Turning shoes are a popular item for a number of dance styles. They elongate the line of the leg and allow dancers to turn on a variety of flooring types. In this post, we’ll go in-depth about how the turners work and what you can expect out of a turning shoe.
Types of Turning Shoes
As the name implies, there’s only a sole under the front half of the foot, leaving the heel exposed. Adjustable elastics stretch around the back of the ankle and over the arch of the foot to keep the shoe in place. The Angelo Luzio Twyla II turning shoe is an excellent example of a half-sole turning shoe.
The Capezio FootUndeez are small turning shoes that look like little underwear for your feet (hence the name). These shoes only fit around the ball of the foot and are typically made from a Nylon Lycra Spandex blend with patented Exo Armor duet sole patches along the bottom. They feature one opening for the big toe, and second opening for the rest of the toes - almost like a flip flop.

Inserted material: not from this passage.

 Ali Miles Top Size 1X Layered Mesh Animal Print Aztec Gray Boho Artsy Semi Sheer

Dance Paws are similar to FootUndeez in that they only cover the ball of the foot, but instead of having two openings for all of the toes, they have individual openings for each toe. With a powermesh spandex upper and a suede leather pad on the bottom, Dance Paws offer a sturdy shoe to turn on.

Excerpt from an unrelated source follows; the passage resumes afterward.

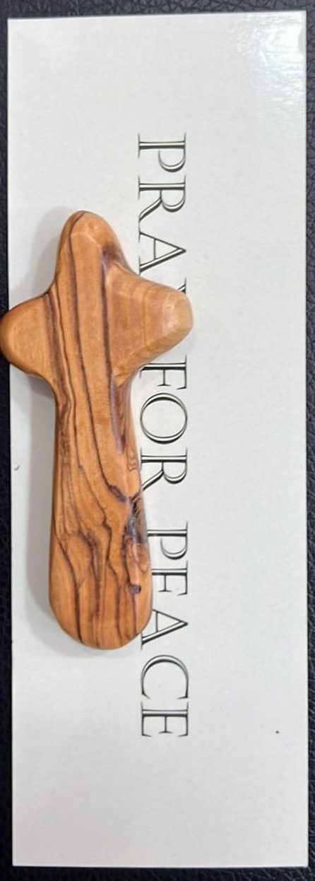 Handmade by artisans in Bethlehem, each cross is made from pruned olive wood. No two crosses are alike — each carries its own beautiful grain and warmth.

How Long do Turning Shoes Last?
The amount of wear you can get out of a turning shoe depends on how often you dance in them, what type of floor you dance on, and how gently you treat them in general. If you wear them twice a week on proper dance flooring and treat them well, the approximate life spans of turning shoes are as follows:
Half-Sole Leather 6 Months, Canvas 6 Months
Capezio FootUndeez 4 Months
Dance Paws 9 Months
What Kind of Wear & Tear is Normal for a Turning Shoe?
Leather: These will stretch and usually wear through the pleated leather under the toes first. These shoes become marked up across the top if the dancer’s dragging their foot across the floor.
Canvas: These don’t stretch and will usually wear holes through the toes first.
The pads under the foot usually wear through first (often the stitching becomes loose around the pad after extended use).
The toe holes of Dance Paws typically stretch out after time and the pads under the ball of the foot can be worn through after extended use.